Mr. Dewar said he is worried that the Conservatives' position is undermining Canada's position among the allies. "We believe instead of creating these kinds of cleavages we should actually be building bridges between both sides and supporting initiatives that are positive ... we believe Mr. Obama's initiative was positive."

On Friday, Israeli Foreign Minister Avigdor Lieberman called John Baird, the newly appointed Canadian Foreign Minister, to thank Canada for its support for Israel at the G8 meeting.

This is not the first time the Harper government has been toasted in the Israeli capital for its extraordinary acts of friendship.

Soon after the militant Islamic faction Hamas won the 2006 Palestinian elections, Mr. Harper was among the first to join with Israel in condemning the election results and announcing that Canada would have nothing more to do with the Palestinian Authority as long as Hamas was a part of it.

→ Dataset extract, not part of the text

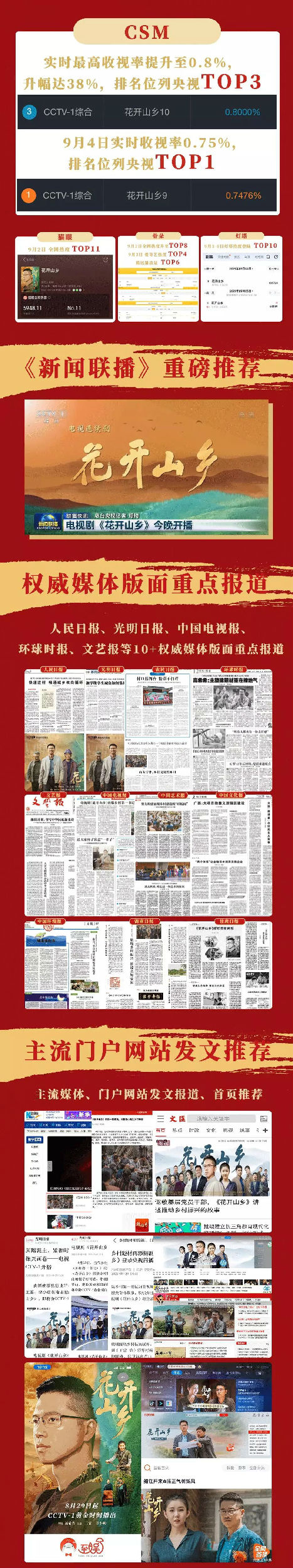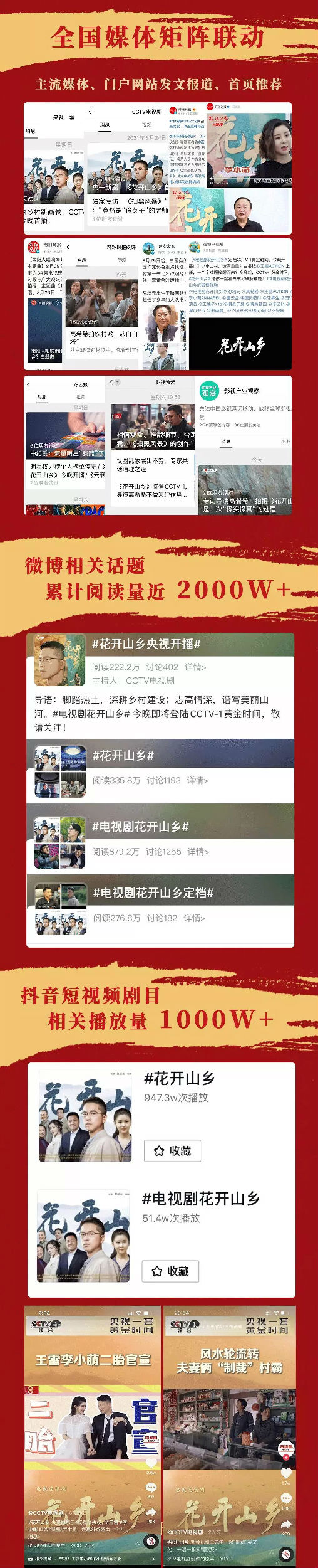 電視劇《花開山鄉》(原名《鄉村第一書記》)繼《新聞聯播》節目重磅推介,權威媒體和主流門戶網站發文推薦之后。《花開山鄉》(原名《鄉村第一書記》)在微博的相關話題閱讀量和討論度直線上升。劇的片段在抖音等短視頻平臺的播放量也取得了優異的成績。

During Israel's 2006 war with Hezbollah in Lebanon, and again during Israel's offensive against Hamas in Gaza two years later, Mr. Harper argued that Israel, led by then-prime-minister Ehud Olmert, was engaged in a defensive campaign to halt attacks on its people.

Mr. Harper's government also was the first, even ahead of Israel, to boycott the 2009 Durban II conference against racism, arguing it was a forum for criticizing Israel, and it joined with the Netanyahu government in condemning the 2009 Goldstone report on the Gaza conflict as being overly critical of Israel.

"The Canadian government has consistently been our good friend," said the Israeli official, "and we appreciate this."